From a band of 34 odd politicians, the Peoples Democratic Party (PDP) emerged as a broad based party that will foster democracy but a meddling president, aided by a pliant and colluding national party executive, imposed lack of internal democracy on the party whose building blocks was the opposition of military dictatorship.

Abacha, at that time, was dreaded at home and abroad as he had squelched the opposition, caged the political class and defied the international community. However, 18 brave men, in spite of his awesome powers, stood up to him and that singular act, coupled with divine intervention, changed the nation's political direction. The men, all of them northerners, met at Abubakar Rimi's Kaduna residence, a brown bungalow located at Abakpa GRA. The meeting, according to insiders, deliberated on how to rescue the nation, especially from plunging into the abyss. Afterwards, in lieu of a communiqué, the Group of 18 wrote Abacha, advising him not to run for the presidency. The letter was hand delivered to Aso Rock and Chief Solomon Lar, the godfather of middle belt politics, belled the cat. Significantly, Dr Farouk Abdulazeez developed cold feet and chickened out but the heroic act unleashed a chain reaction.

Criticisms, from all directions, assailed the action of the political parties and in this regard, the old breed politicians were in the fore front. Significantly, the groundswell of opposition gathered momentum and 16 elder statesmen, led by Dr Alex Ekwueme, coalesced with Lar's group to form G34. Focused, distinguished and pan Nigerian, the group boasted of men of timber and calibre, as Chief K.O Mbadiwe will label them, and like its fore-runner, G34 kicked against Abacha's transmutation plans. This act, like a lightening rod, electrified the political scene as the political class once again found its voice. Abacha, according to reports, was in a quandary and before he could either reply G34 or pick the parties' gauntlet, the man died on June 8. Thereafter, General Abdulsalami Abubakar, the Chief of Defence Staff, succeeded him and unfolded a short transition programme.
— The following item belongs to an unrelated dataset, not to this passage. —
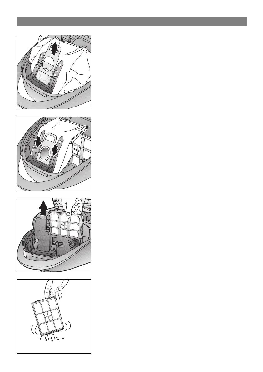 Chiudere il sacchetto filtrante tirando la linguetta di chiusura

From 18 members, the group enlarged to 34 and afterwards, it linked up with other like minds to become the Peoples Democratic Party (PDP).

The party, like the two others, the Alliance for Democracy (AD) and All Peoples Party (APP), was registered by the Independent Electoral Commission (INEC), after scaling the commission's hurdles. Significantly, conservatives and progressives as well as liberals found accommodation in PDP and this underscored the party's philosophy. Internal feud and inter party bickering helped to wreck the first and second republics and to forestall these, political parties ought to be broad based, according to some pundits. Largely, PDP was a product of this idea as all shades of the ideological spectrum converged under one umbrella, the party's symbol.

The party, at the outset, lived up to the dream of its founders as it organised a free and fair convention, picked its flag bearer without rancour. Chief Olusegun Obasanjo, a retired general and former Head of State, who was sprang from prison, picked the party's ticket, beating Ekwueme to the coveted prize. However, after the convention, the party united again and lined up behind its candidates at all levels.

The AD and APP, on the other hand, were driven by internal feuds and factions and in the end, they sealed a controversial alliance. Chief Olu Falae, AD's presidential candidate, flew the joint flag on election day. Divided, disorganised and fractious, the alliance was no match to PDP as the latter won several councils, states of the federation and the presidency on the first ballot. From 18 to 34 members, the pressure group which was PDP's nucleus, had transformed into a political party within one year and it bestrode the nation's political landscape like a colossus. With time, the party became arrogant and heady with success and PDP's fortunes began to decline. Ironically, President Obasanjo and his cronies, worked against the party out of vendetta, selfish interest and a holier-than-thou-attitude.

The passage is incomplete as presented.